[Work to be completed]
Would you print the records below from the first line through the line containing "ถ้ารับมื้อเช้าคิดเพิ่มท่านละ 100 บาท", skipping the pictures?

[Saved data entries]

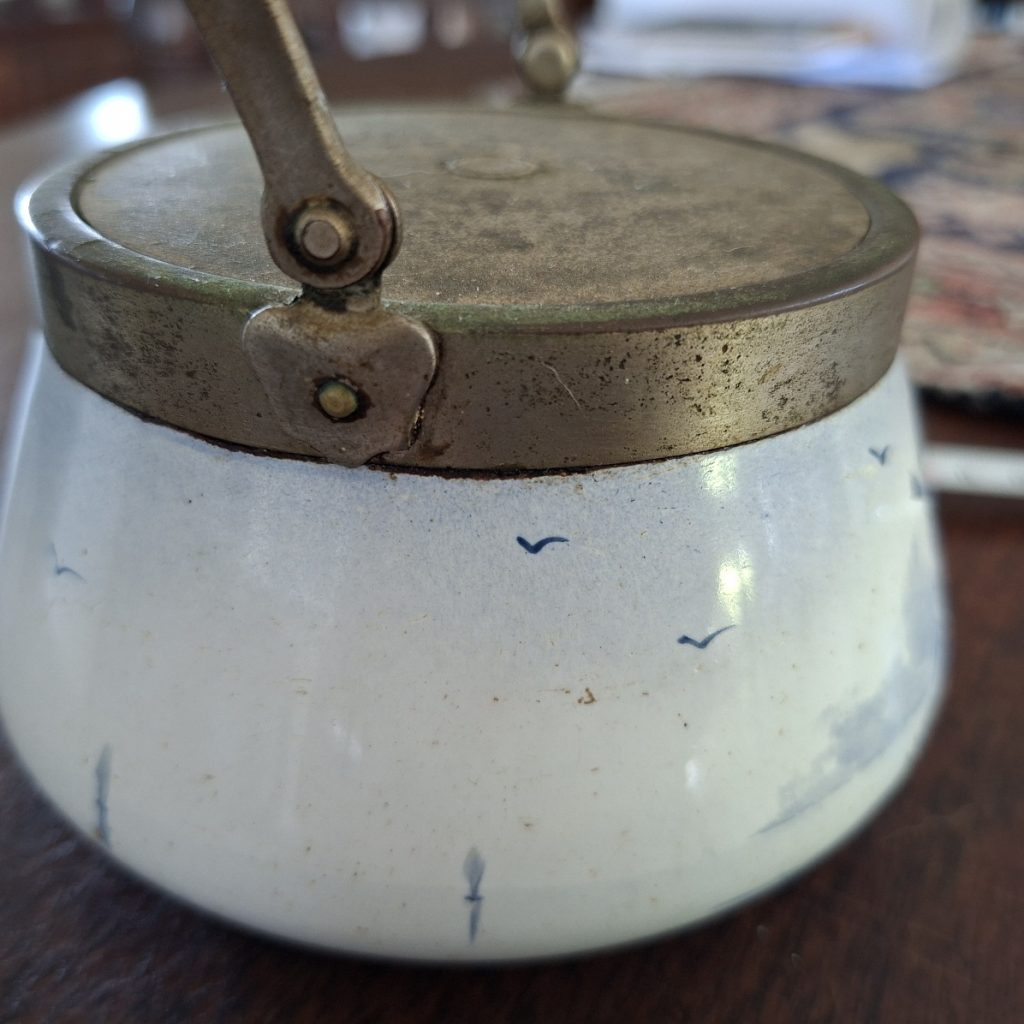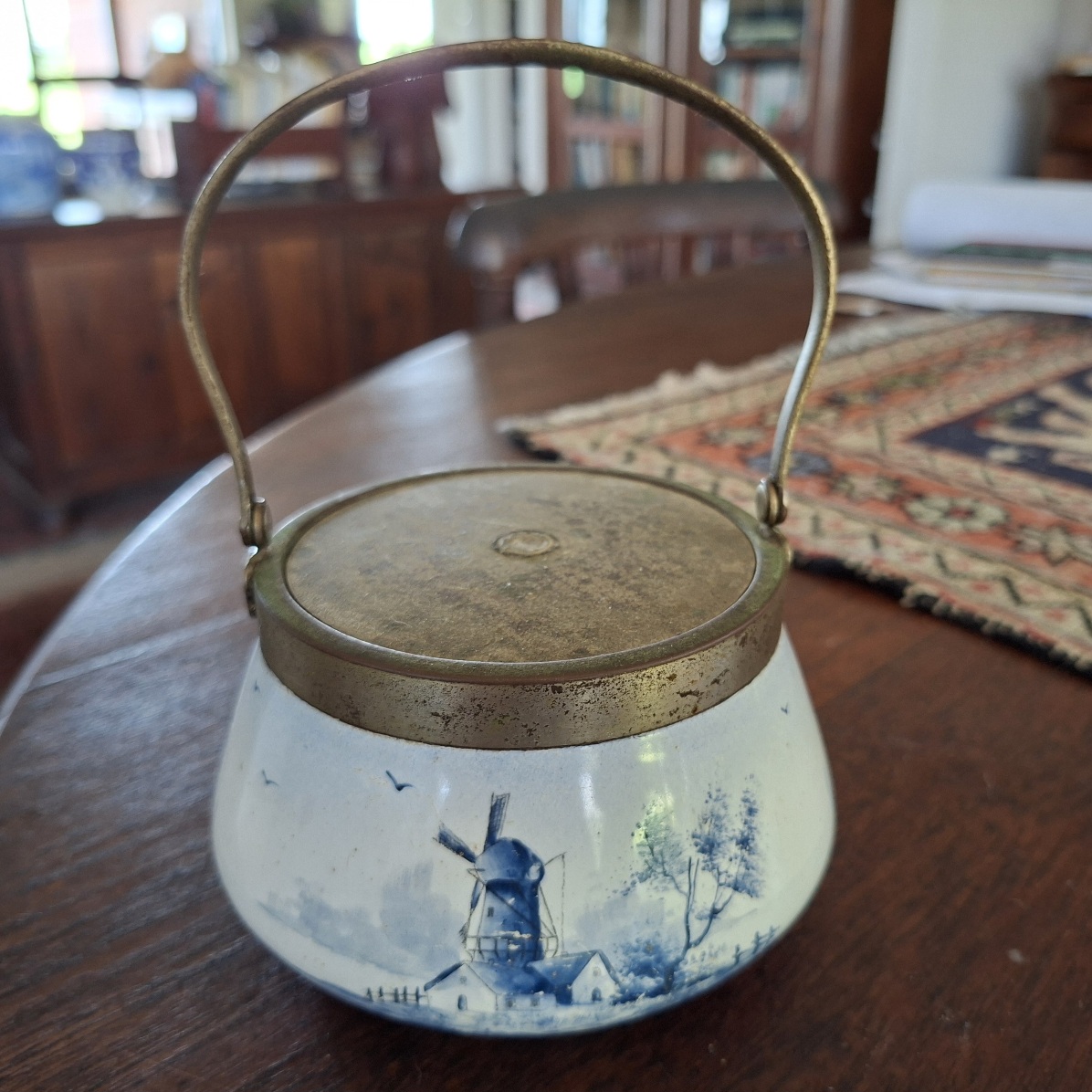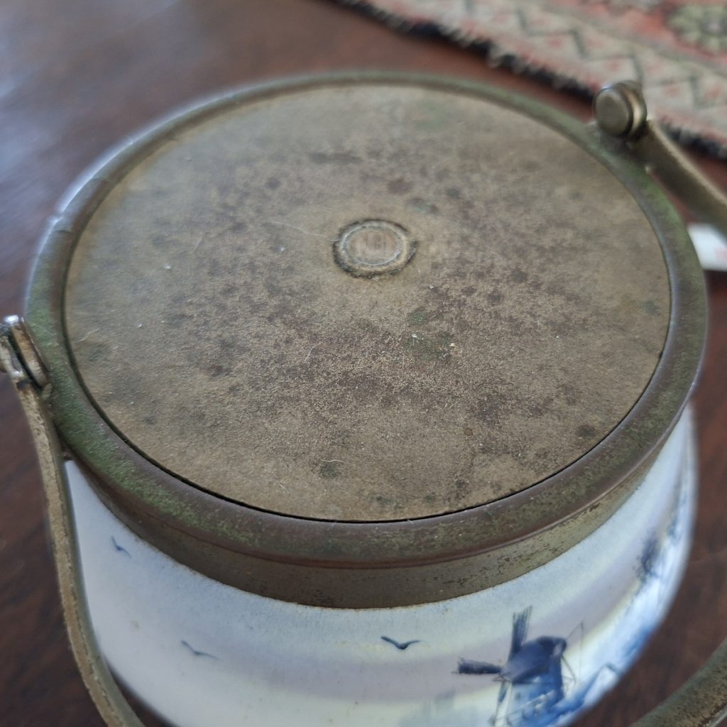 Lidded jar with Delft style hand painted windmill – vintage
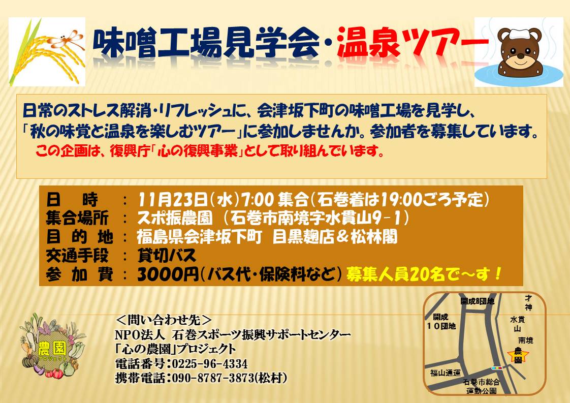 23日、会津坂下町の麹屋(味噌工場)の見学会と新蕎麦を食べ、温泉を楽しむツアー。農園を予定通り、朝7時に出発。磐越道の会津へ入る峠はミゾレ、会津盆地は薄曇りの天気でした。3時間で麹店に到着し、麹の香りが漂う味噌工場で天然酵母の麹で作った甘酒と漬物を頂きながら会津坂下町と麹の話しを聞く。味噌や麹をお土産に買い、店主に紹介された柳津福満虚空藏菩薩圓藏寺を参拝し、会津坂下の十割更科新蕎麦を食べ、温泉を楽しみました。帰りには、雪雲の間から磐梯山が顔を出してくれました。
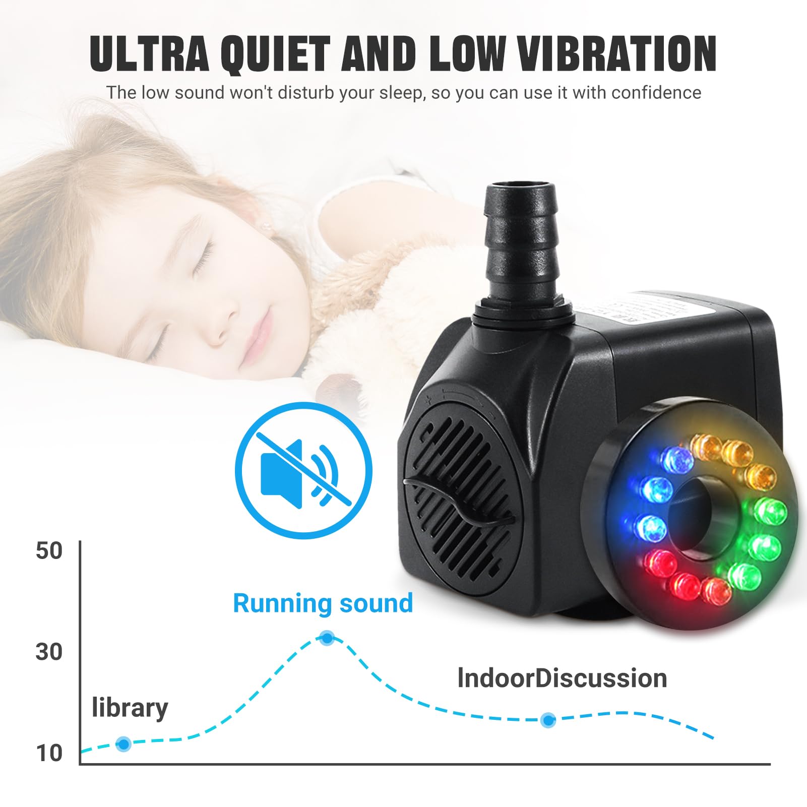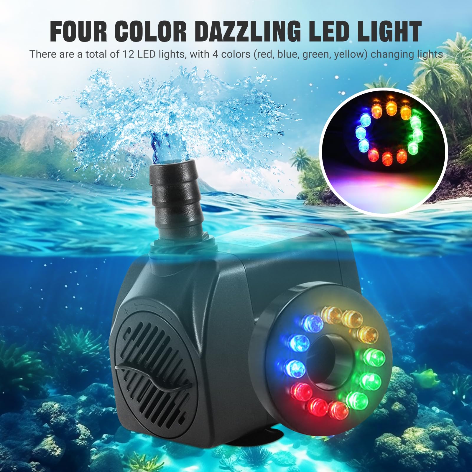 - 🐳【12LED Lights Water Feature Pump 】The small pond pump uses 12 super bright energy-saving LED colorful lights and 4 colors (red, blue, green, yellow) lights. Water feature pump provides amazing night lighting and are waterproof,give you a different visual experience.
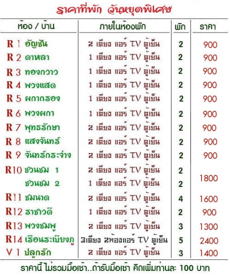 | ราคาห้องพัก วันหยุดพิเศษ (ราคาไม.. ราคาที่พัก.. ยังไม่รวมอาหารเช้า ถ้ารับมื้อเช้าคิดเพิ่มท่านละ 100 บาท
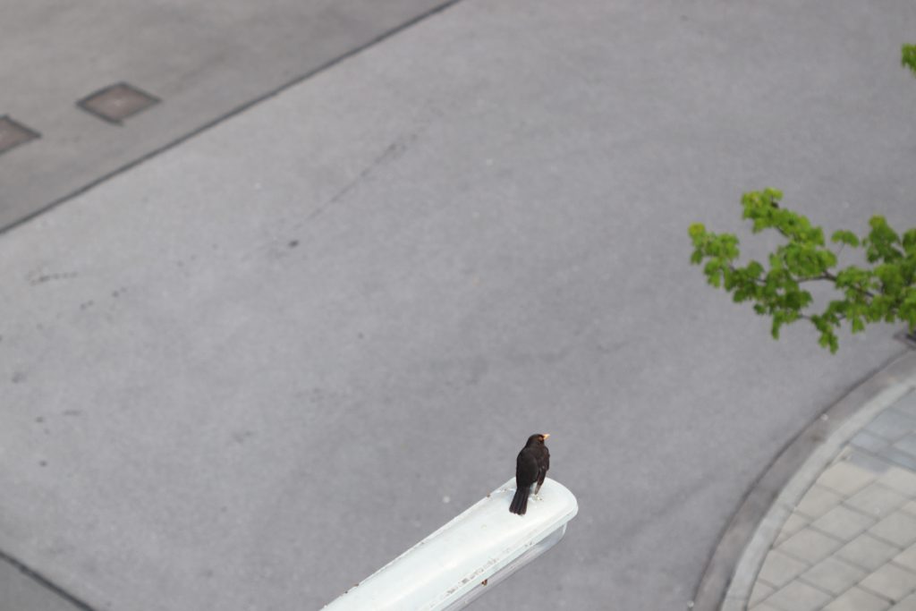 Alle Amselmännchen heißen bei uns Anton, man kann sie an ihrer Melodie unterscheiden. Anton 2017 hat eine laute, kräftige Stimme. Er war auch letztes Jahr schon der Amsel-Chef hier. Dieses Jahr hat er den kleinen Platz am Ende der Marlene-Dietrich-Straße als schallverstärkendes Amphittheater entdeckt Dort singt er jetzt auf einer Straßenlaterne, die bisher nur von Tauben bevölkert wurde (leider).
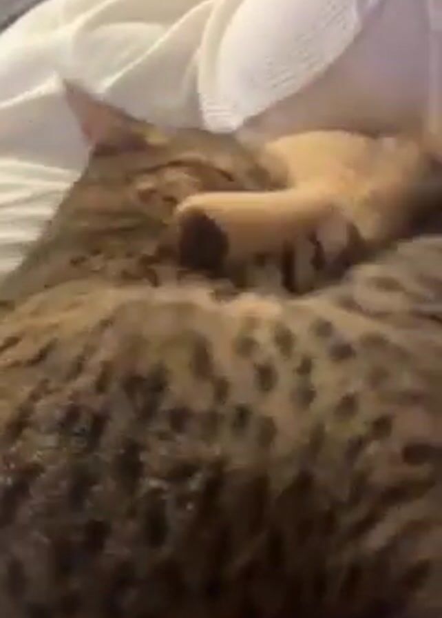 Here's a detailed description of the video: A person is lying on a bed with a brown, spotted cat nestled on top of them
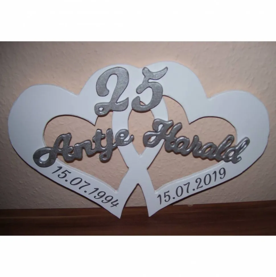 Im Beispiel ist es für eine Silberhochzeit in silber gehalten.
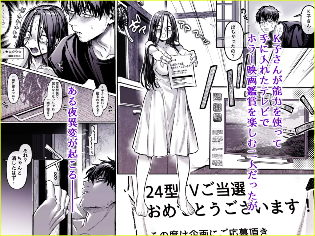 Para curar la depresión del protagonista, «K», su novia fantasma, usa sus poderes para ganar un concurso. Como premio, les regalan a la pareja una nueva televisión. Para su desgracia, o fortuna sexual, en esa TV hay un espectro que secuestra a «K» y viola al protagonista.
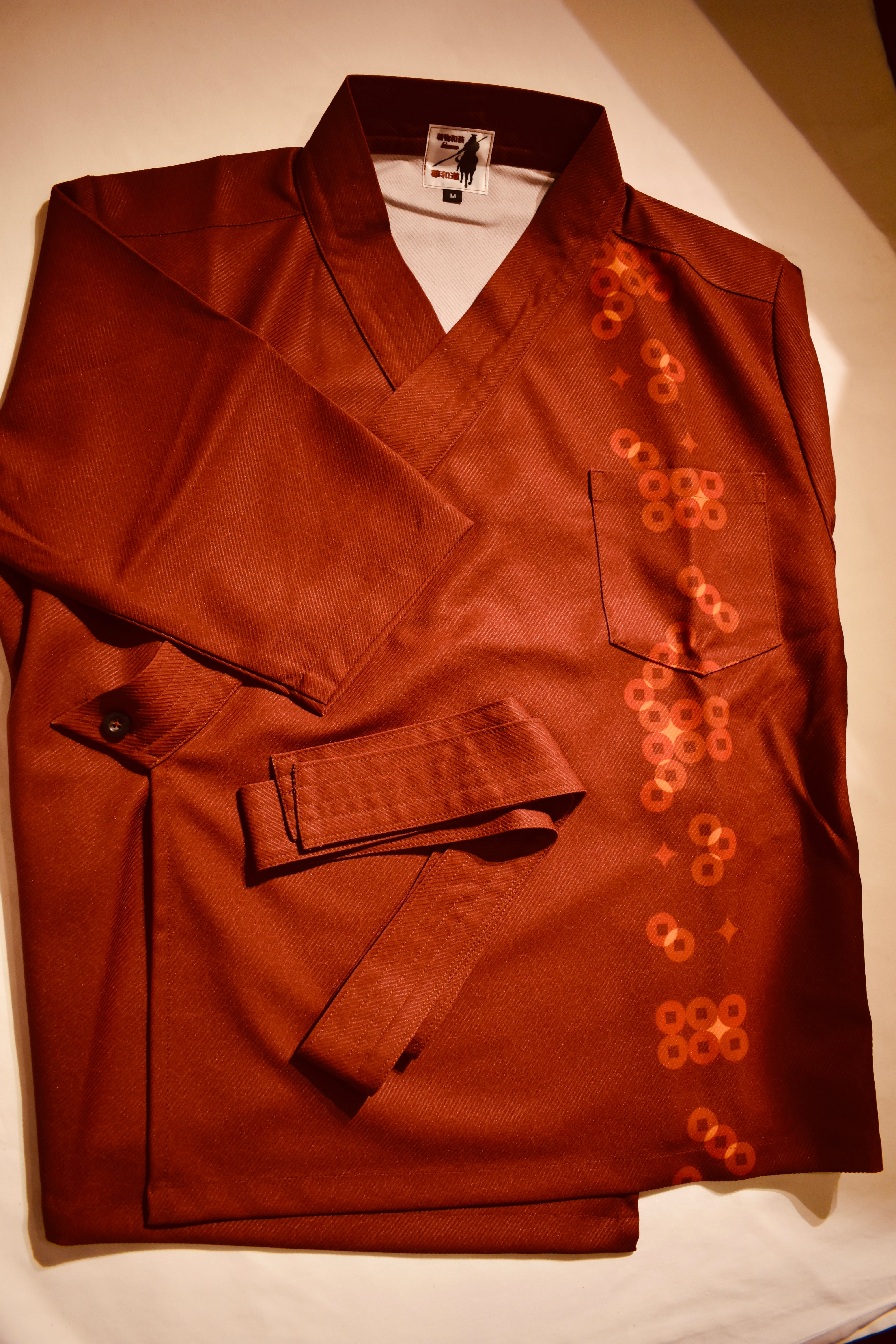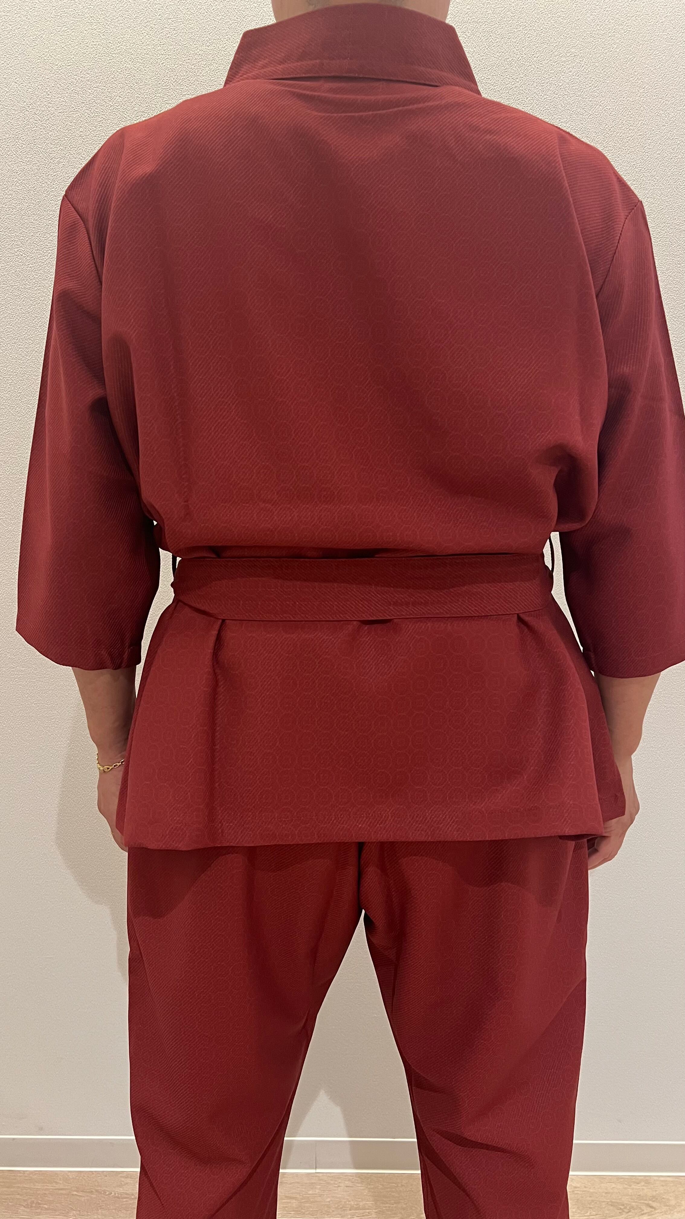 24時間着物を着る。着苦しくない簡単。そして世界初JAPAN beauty着物と日本の国技柔道、空手の道着を融合。オシャレ感とシルエットを大切に更に柄は昔からの人々の念いや考え方がある小紋柄に拘り本格着物調に。素材はまさに空手の聖地琉球のかりゆしの最高綾織ポリエステルで

[Output below]
 Lidded jar with Delft style hand painted windmill – vintage
 23日、会津坂下町の麹屋(味噌工場)の見学会と新蕎麦を食べ、温泉を楽しむツアー。農園を予定通り、朝7時に出発。磐越道の会津へ入る峠はミゾレ、会津盆地は薄曇りの天気でした。3時間で麹店に到着し、麹の香りが漂う味噌工場で天然酵母の麹で作った甘酒と漬物を頂きながら会津坂下町と麹の話しを聞く。味噌や麹をお土産に買い、店主に紹介された柳津福満虚空藏菩薩圓藏寺を参拝し、会津坂下の十割更科新蕎麦を食べ、温泉を楽しみました。帰りには、雪雲の間から磐梯山が顔を出してくれました。
 - 🐳【12LED Lights Water Feature Pump 】The small pond pump uses 12 super bright energy-saving LED colorful lights and 4 colors (red, blue, green, yellow) lights. Water feature pump provides amazing night lighting and are waterproof,give you a different visual experience.
 | ราคาห้องพัก วันหยุดพิเศษ (ราคาไม.. ราคาที่พัก.. ยังไม่รวมอาหารเช้า ถ้ารับมื้อเช้าคิดเพิ่มท่านละ 100 บาท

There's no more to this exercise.